Spying Content with Document Lens

Praxeon’s new Cloud-based ‘efficiency tool’ extracts themes from scientific documents.

By Kevin Davies

June 8, 2011 | “Praxeon is based on the idea that true knowledge is embedded in textual content. For the past 20 years, I was dealing mainly with structured data—complex connections between chemistry, biology, and genetics. Textual information is the last shore. If you can integrate that along with the structured data, search it, get to the pieces of information you’re really interested in, that’s the Holy Grail. That’s why Praxeon was founded.”

That’s the bold mission statement of Dennis Underwood, the Australian co-founder of Praxeon, based in Cambridge, Mass. Underwood previously served as VP of computational sciences at Infinity Pharmaceuticals, where he succeeded Andy Palmer (see, “Conquering Infinity with Chemical Genetics,” Bio•IT World, Feb 2003), and developed the Infinity informatics platform. He also had stints at DuPont Pharmaceuticals, working in discovery informatics, and Merck. His co-founder at Praxeon is his former informatics colleague at Infinity, Kevin Gilpin.
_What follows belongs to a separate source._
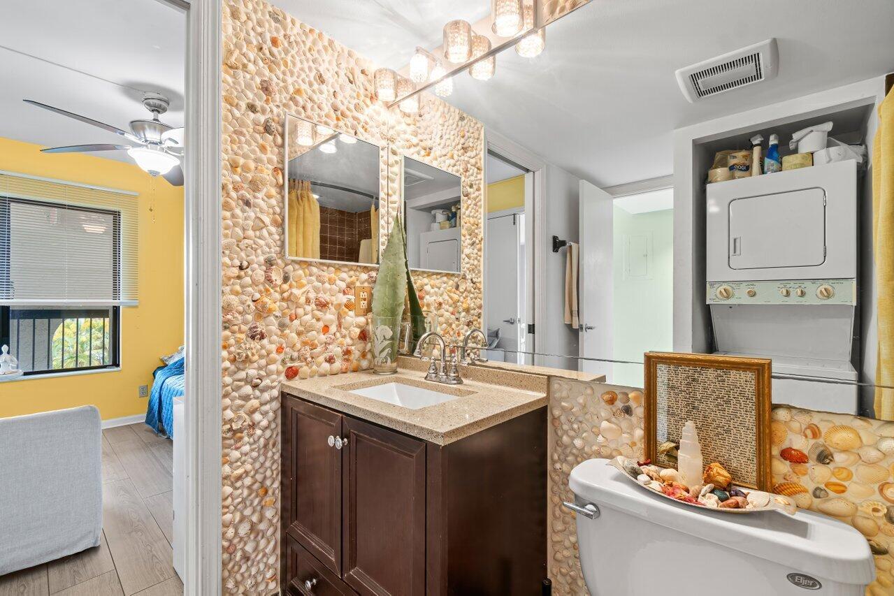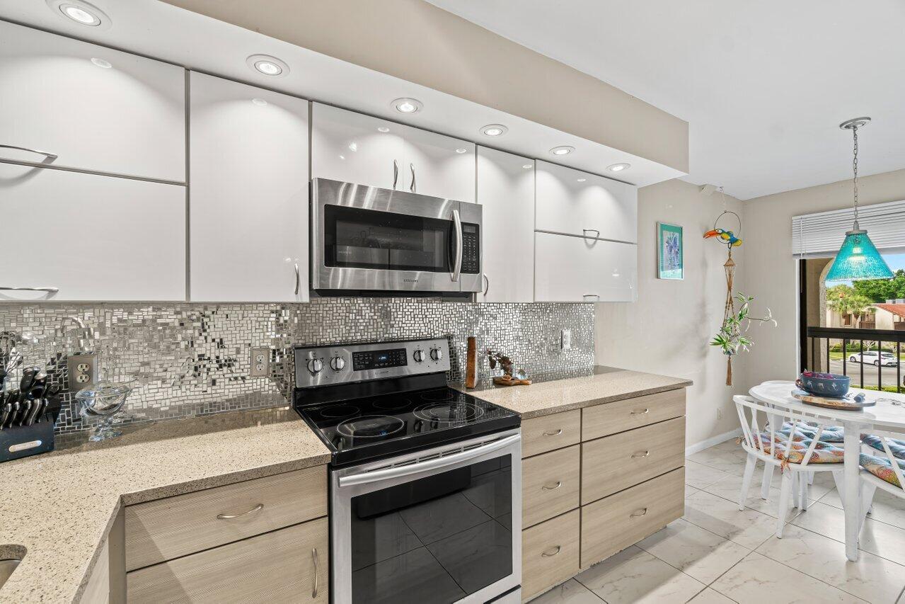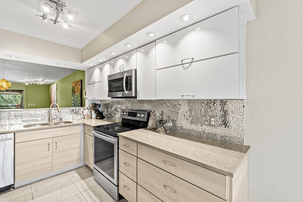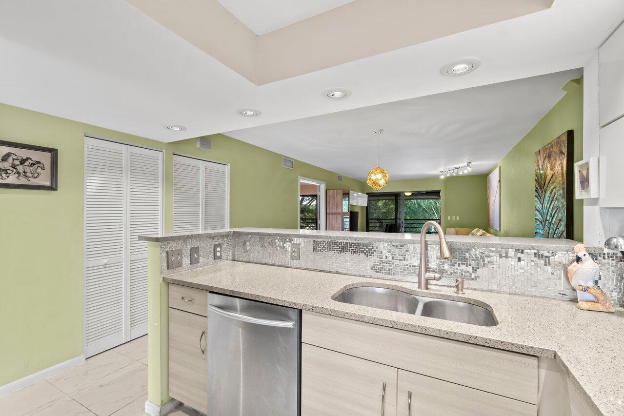 :THIS 2/2 CONDO IS EXTREMELY LIGHT & BRIGHT WITH THE MOST AMAZING PANORAMIC LAKE VIEWS WITH STUNNING SUNSETS! THE OPEN CONCEPT KITCHEN HAS BEEN COMPLETELY REMODELED WITH CONTEMPORARY CABINETS, QUARTZ COUNTERTOPS, AMAZING DECORATIVE MIRROR MOSAIC BACKSPLASH & STAINLESS STEEL APPLIANCES! THE PRIMARY BEDROOM FEATURES DOUBLE DOOR ENTRYWAY & SLIDING GLASS DOORS THAT LEAD OUT TO THE SCREENED LANAI. THE GUEST BEDROOM HAS A DOUBLE DOOR ENTRY, WALK-IN CLOSET & ENSUITE BATHROOM. RELAX ON THE SCREENED LANAI AMONG THE BEAUTIFUL BANYAN TREES TO WATCH THE DUCKS & TURTLES FROLIC IN THE LAKE! BANYAN SPRINGS IS A GATED COMMUNITY AND HAS A FABULOUS CLUBHOUSE w/ A CAFE/ RESTAURANT, 2 RESORT POOLS w/ SPAS, SOCIAL HALL FOR SHOWS, PARTIES & DANCES, FITNESS CENTER w/ PERSONAL TRAINER, PICKLEBALL & TENNIS...

“All of us are being drowned in data and information,” says Underwood. “The real problem is getting to the information that’s relevant to you in your context. It’s true of everybody... But in pharma, there’s a need to quickly spot patterns and extract usable information from the flood of data coming in. That’s extremely hard and getting harder.”

The solution, as Underwood sees it, is a new Praxeon offering called DocumentLens ( Researchers spend tremendous amounts of time searching for information, scanning articles, and trying to integrate and contextualize information with other miscellaneous data sources. That often unproductive cycle is repeated many times for each topic or project. Meanwhile, the task of keeping abreast of new information—PubMed, patent documents, Google Scholar, and third-party proprietary sources—is increasingly difficult. Underwood points out that PubMed houses more than 20 million articles.

“If you have 3-4 topics that you need to follow and understand, it’s very, very tough,” says Underwood. “The net result is knowledge gaps and missed opportunities. But it doesn’t have to be this way.”

DocumentLens is a web-based “efficiency tool” that provides users with direct and immediate access to ideas and content in a large collection of miscellaneous documents, but all centered around a particular topic of the user’s choosing, such as a disease or a gene family. It operates through “semantic fingerprinting,” but that’s just a component of the tool—and not one that the Praxeon team cares to dwell on. “Mention the term ‘semantics’ and people’s eyes just glaze over, they don’t want to know how it works, but rather want to know that it works,” says head of business development Bill Hayden.

Drag and Drop

The process begins with a web-driven folder that sits on the user’s desktop. “It’s just like any other folder,” says Underwood. “You dump content—articles, PDFs etc.—in there. We digest it, create a model of what the content is, and then we provide information navigators allowing you to search across biology or chemistry or clinical trials data. The Holy Grail is to be able to make connections between bits of information you’ve gleaned from various documents and draw inference, the basis of new ideas and understanding. You can create a theme or story line across documents in a collection that describes the innovations that have occurred and... opportunity for innovation going forward.” (See “Eye of the Lens”)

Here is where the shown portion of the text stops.